Exercise description –
Please print exactly the lines from the one containing "Luxurious Chanel Tweed" through the last line of the records, and only those. Leave out any pictures.

Listed records –
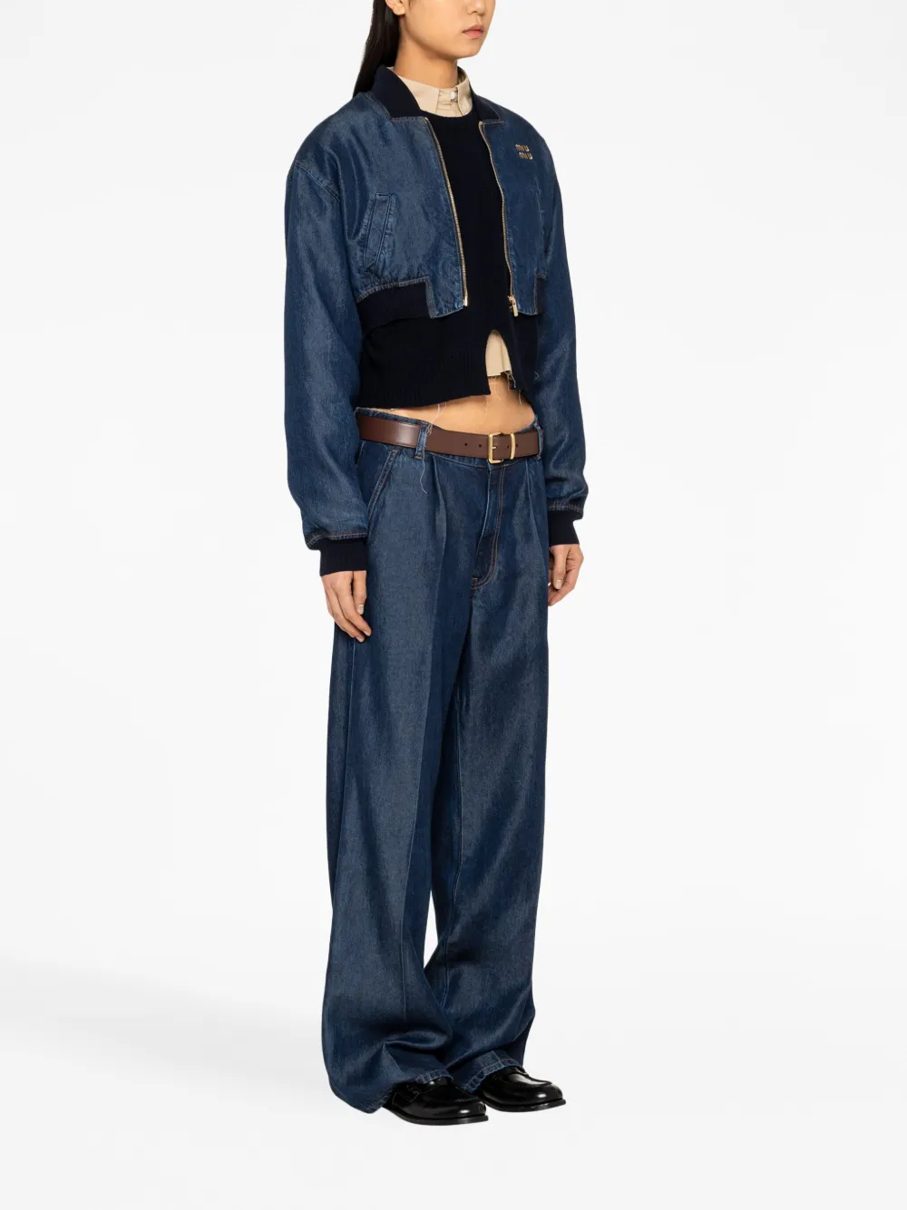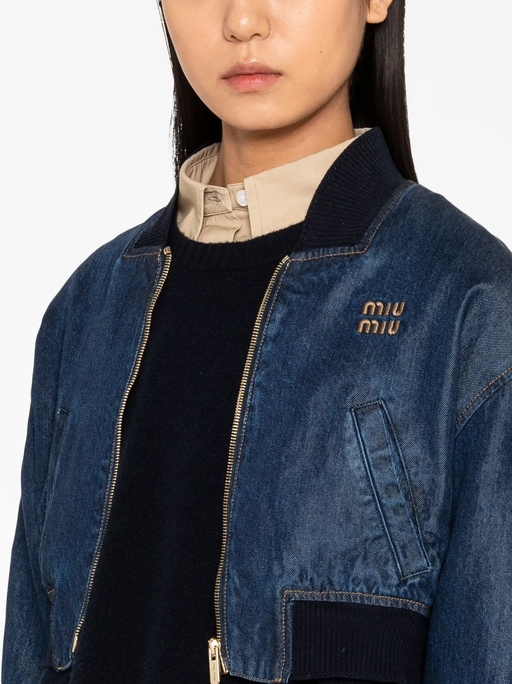 Джинсовая куртка с вышитым логотипом MIU MIU, синий
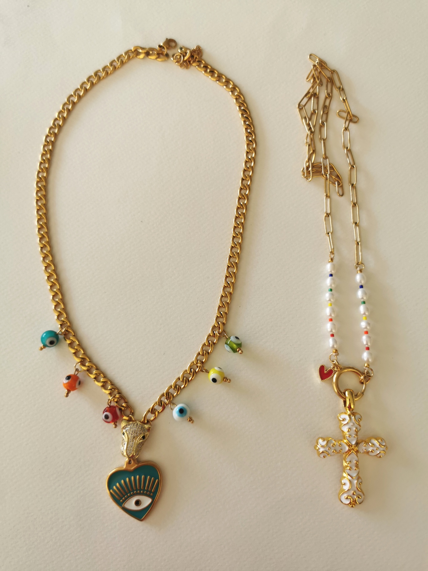 Home Colares Colares dourados Colares dourados Modelo Colar olho Colar cruz 13,00 € Desconto de %. IVA incluído. Comprar Contactar Adicionar à wishlist Colar do olho mede 50 cm. Aço. Colar da cruz mede 60 cm. Aço. Tags AçoColaresDouradosOlhoCruzPérolas Partilhar
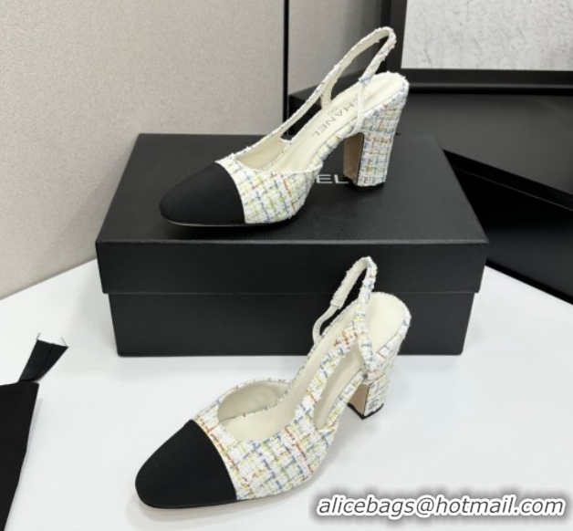 Luxurious Chanel Tweed & Grosgrain Slingback Pumps 9cm G45509 White/Multicolor 2026
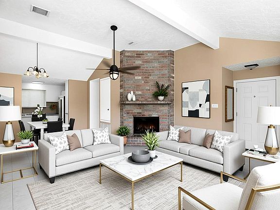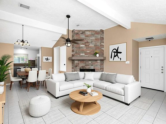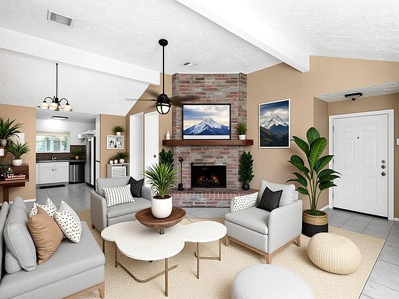 Wood burning fireplaceStainless steel refrigeratorOpen concept floor planAmple lightingDining areaCountertop microwaveCozy kitchen
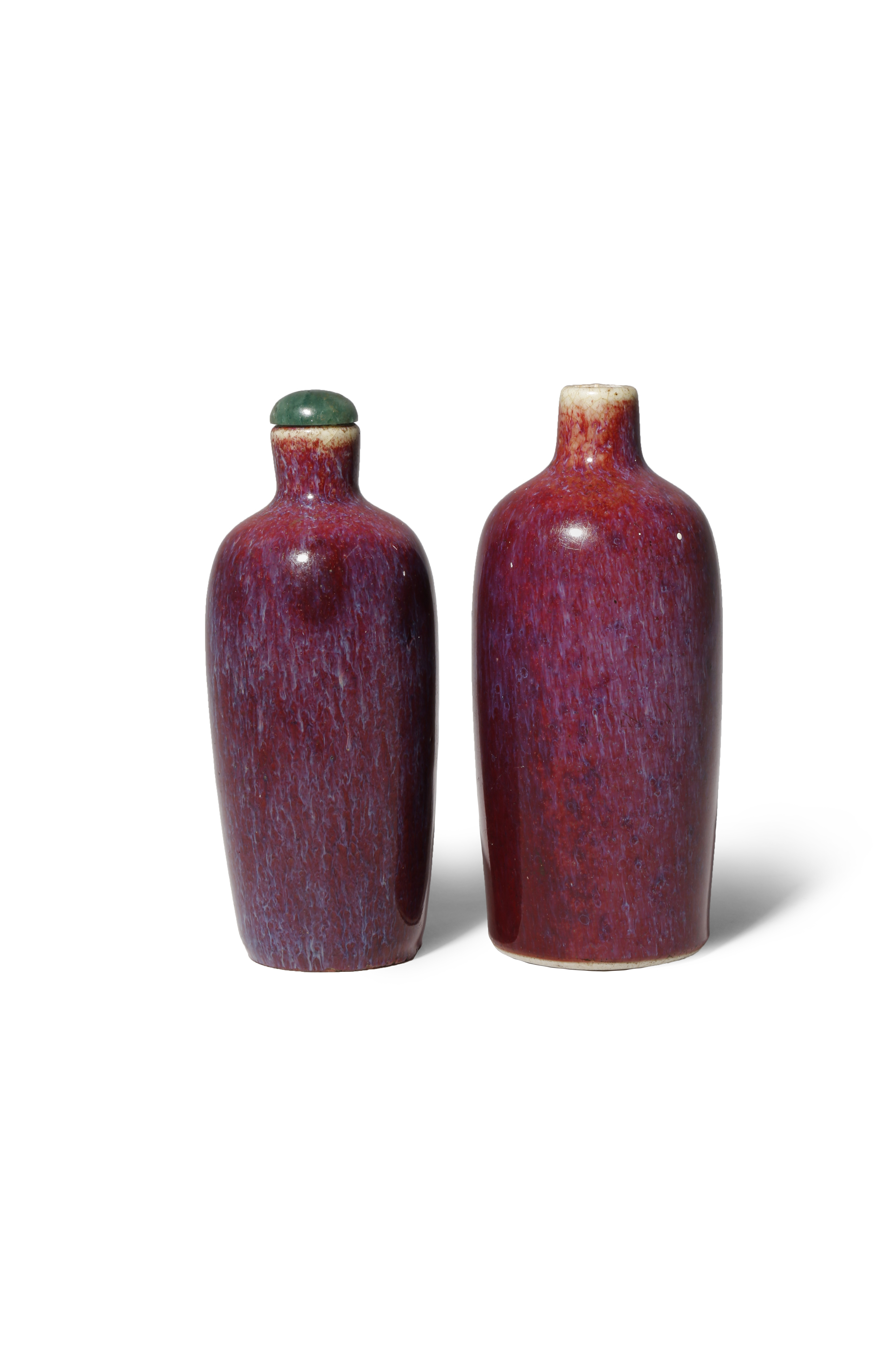 TWO LARGE CHINESE FLAMBE GLAZED SNUFF BOTTLES 18TH/19TH CENTURY Each with an ovoid body rising to...

Result of the exercise –
 Luxurious Chanel Tweed & Grosgrain Slingback Pumps 9cm G45509 White/Multicolor 2026
 Wood burning fireplaceStainless steel refrigeratorOpen concept floor planAmple lightingDining areaCountertop microwaveCozy kitchen
 TWO LARGE CHINESE FLAMBE GLAZED SNUFF BOTTLES 18TH/19TH CENTURY Each with an ovoid body rising to...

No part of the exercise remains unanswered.